- [Problem requirements]
Copy out the lines beginning with the one that contains "producing industrial parts." and ending with the last line below, exactly as they stand. Pictures are not copied.

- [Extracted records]
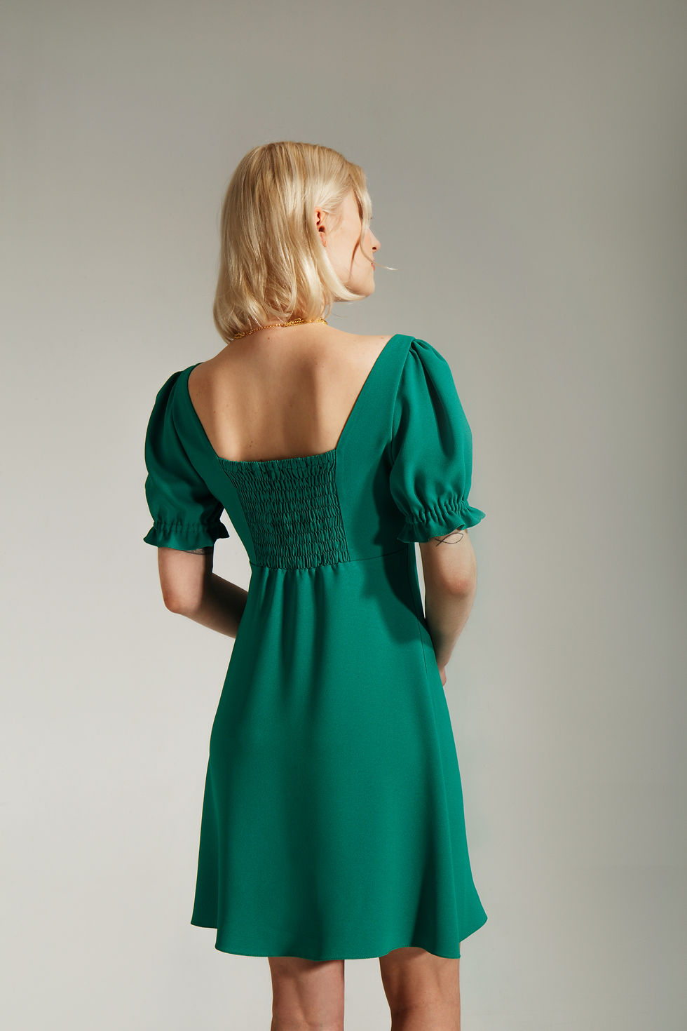 A feminine dress designed with soft structure, delicate gathering, and an effortlessly elegant silhouette.
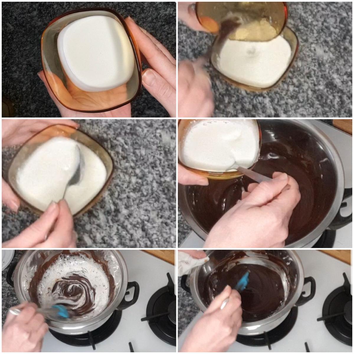 Disolver la gelatina Mientras se derrite la gelatina, calentamos los 50 ml de nata (crema de leche) en el microondas, que esté bien caliente y le añadimos la gelatina que ya estará hidratada y removemos hasta que se disuelva. le vertemos la nata (crema de leche) caliente al chocolate que ya se habrá derretido y mezclamos bien. Reservamos el chocolate para que le baje la temperatura.
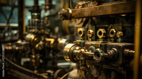 © Sampao, Fototapeta premium A close-up of a mechanical assembly line producing industrial parts.
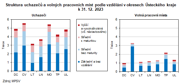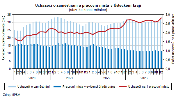 K 31. prosinci 2023 registrovaly úřady práce na území Ústeckého kraje celkem 31 846 neumístěných uchazečů o zaměstnání, přičemž dosažitelných uchazečů ve věku 15–64 let, kteří mohli bezprostředně nastoupit do zaměstnání při nabídce vhodného pracovního místa, bylo 29 304 (92 % evidovaných uchazečů). Na úřadech práce bylo v kraji v prosinci nově zaregistrováno celkem 3 415 osob (proti listopadu se tento počet snížil o 409 osob), z jejich evidence naopak odešlo 2 190 uchazečů.
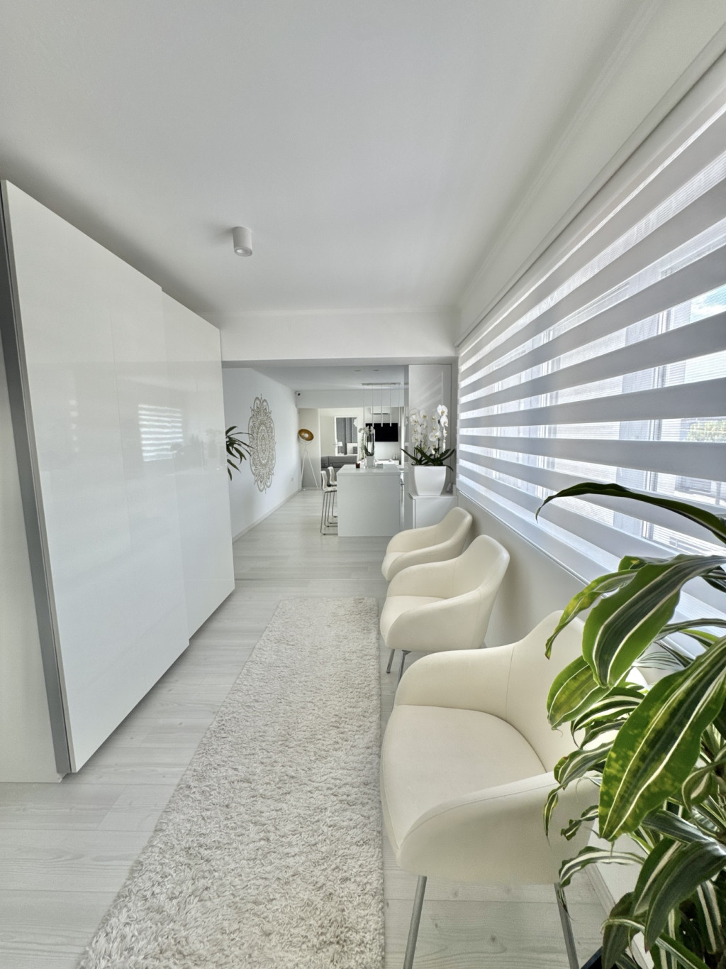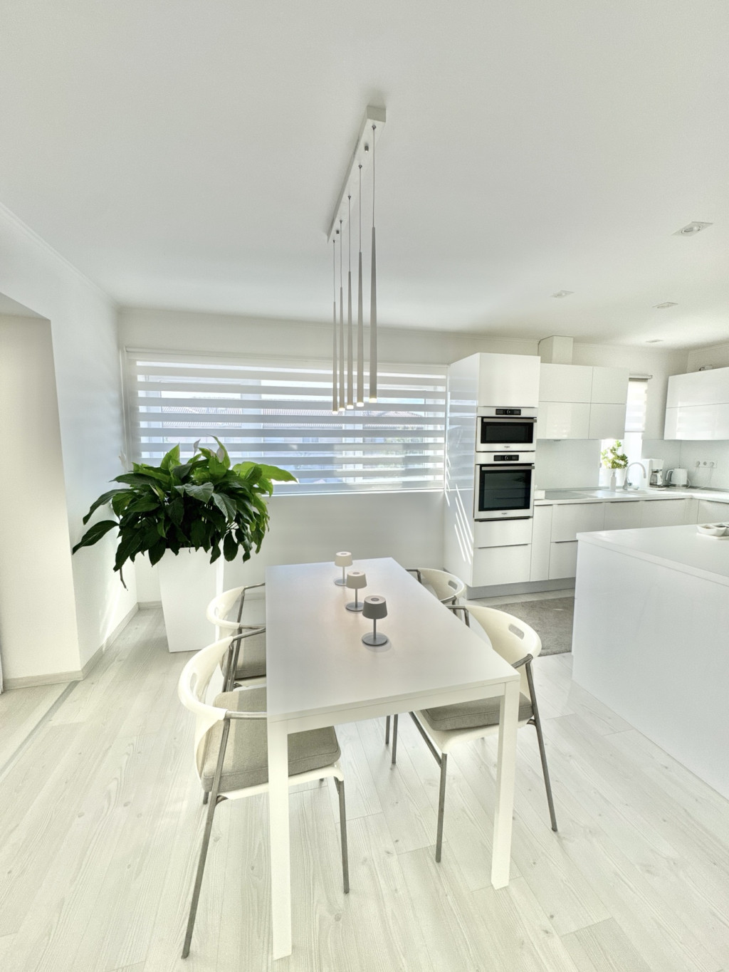 A nappali ragyogóan világos. Nagyon alacsony rezsi! Az elegáns konyha egyedileg tervezett, gépesített. Okos lámpák.

- [Output for this task]
 © Sampao, Fototapeta premium A close-up of a mechanical assembly line producing industrial parts.
 K 31. prosinci 2023 registrovaly úřady práce na území Ústeckého kraje celkem 31 846 neumístěných uchazečů o zaměstnání, přičemž dosažitelných uchazečů ve věku 15–64 let, kteří mohli bezprostředně nastoupit do zaměstnání při nabídce vhodného pracovního místa, bylo 29 304 (92 % evidovaných uchazečů). Na úřadech práce bylo v kraji v prosinci nově zaregistrováno celkem 3 415 osob (proti listopadu se tento počet snížil o 409 osob), z jejich evidence naopak odešlo 2 190 uchazečů.
 A nappali ragyogóan világos. Nagyon alacsony rezsi! Az elegáns konyha egyedileg tervezett, gépesített. Okos lámpák.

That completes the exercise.